17. A wire can just enclose a rectangular frame with a length of 2a+3b and a width of A+B, and cut it off to enclose a wire with a length of a and a width of b (excluding seams). The remaining wire length is ().

A.a+2b B.b+2a C.4a+6b D.6a+4b

Three. Capacity improvement

18. Simplified evaluation, (where a =-2 and x = 3. )

19. Given that m, x, y, satisfy: ①, ② and are similar terms, find the value of algebraic expression.

20. There were (3a-b) people on the bus, but they got off halfway, and several others got on the bus. At this time, there are * * * passengers (8a-5b) on the bus. How many passengers are there? When A = 10 and B = 8, how many passengers are there in the car?

2 1. Known evaluation value.

22.( 1) As shown in the figure, how many cubes does the first one have? How many cubes are there in a second? What about the third one?

(2) According to the chart, how many cubes does the fifth one have? How many cubes are there in 10 power? What about the n th one?

4. Collect sand and make a tower

There is a package that needs to be packed in three different ways, as shown in the figure below. Which method uses the shortest rope? Which method uses the longest rope?

( 1)

a

b

c

(2)

(3)

1.3 Multiplication of the same radix power

I. Target navigation

1. Understand the meaning of the power with the same base, master the operational nature (or law) of the power, and perform basic operations;

2. In the process of deducing "nature", cultivate students' ability of observation, generalization and abstraction.

2. Basic clearance

1.= _ _ _ _, = _ _ _ _. Mao (surname)

2.=________, =_________________.

3.=___________.

4. If, then X = _ _ _ _ _ _

5. If yes, then M = _ _ _ _ _ If yes, then a = _ _ _ _ _ _ _ _

If yes, then y = _ _ _ _ If yes, then x = _ _ _ _ _

6. If yes, then = _ _ _ _ _.

7. The following calculation is correct ()

A.B. C. D。

8.8 1×27 can be written as ()

A.B. C. D。

9. If, the following polynomial is incorrect ()

A.b；

C.D.

10. The calculation is equal to ()

A.b-2c . d。

1 1. The following statement is true ().

A. the sum must be reciprocal. When n is odd, the sum is equal.

C. when n is an even number, the sum is equal. D. the sum cannot be equal.

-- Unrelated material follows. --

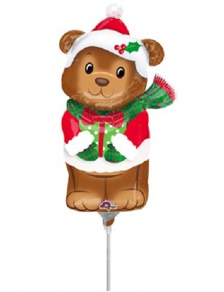 Balon folie, Urs Craciun, inaltime 39 cm, latime 20 cm, imprimeu identic fata-verso.

Three. Capacity improvement

12. Calculate the following questions:

( 1) (2)

(3) (4)

13. On the known land, the energy obtained from the sun in one year is equivalent to the energy generated by burning coal. So how many kilograms of energy is gained from the sun in a year, which is equivalent to burning coal on the land of China? (Keep two significant figures)

14.( 1) Calculate and write the result as a base power: ①; ② .

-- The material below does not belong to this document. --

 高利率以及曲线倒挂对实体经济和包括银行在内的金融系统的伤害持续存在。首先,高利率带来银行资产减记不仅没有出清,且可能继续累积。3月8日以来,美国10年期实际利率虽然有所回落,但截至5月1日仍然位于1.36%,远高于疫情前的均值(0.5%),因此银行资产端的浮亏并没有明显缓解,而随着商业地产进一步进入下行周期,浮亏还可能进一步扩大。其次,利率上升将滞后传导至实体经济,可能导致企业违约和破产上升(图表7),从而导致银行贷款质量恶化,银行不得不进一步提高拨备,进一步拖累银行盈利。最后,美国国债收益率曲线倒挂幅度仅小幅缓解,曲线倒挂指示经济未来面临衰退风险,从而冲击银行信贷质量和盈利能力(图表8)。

(2) Find the following x: ①; ② .

15. Calculation.

16. If, find the value of x 。

4. Collect sand and make a tower

Known: Try to write 105 as a power of 10.

The power of the product of the power sum of 1.4

I. Target navigation

1. Go through the process of exploring the essence of product power operation, further understand the meaning of power, and develop reasoning ability and orderly expression ability. baby

2. Understand the operating characteristics of product power supply and solve some practical problems.

2. Basic clearance

1.= _ _ _ _, = _ _ _ _. Mao (surname)

2.=_________, .

3.。

4.=__________.

5.=__________.

6.=_________, =_____.

7. If yes, then = _ _ _ _ _, = _ _ _ _.

8. If, then n = _ _ _ _ _ _ _

9. If a is a rational number, the value of is ().

A. rational number B. positive number C. zero or negative number D. positive number or zero

10. If, then the relationship between A and B is ().

A. different numbers B. the same number C. none of them is zero D. the relationship is uncertain

1 1. The result of calculation is ()

A.- BC-BC.

12.= ( )

A.B. C. D。

13. Among the following propositions, the correct one is ().

When ① and ② m are positive odd numbers, there must be an equation.

③ The equation, no matter what the value of m is, does not hold.

④ Three equations: none of them hold water.

1。

14. If │x│= 1, │y│=, the value of is equal to ().

A. or b or c.d.

15. If known, the relationship between a, b and c is ().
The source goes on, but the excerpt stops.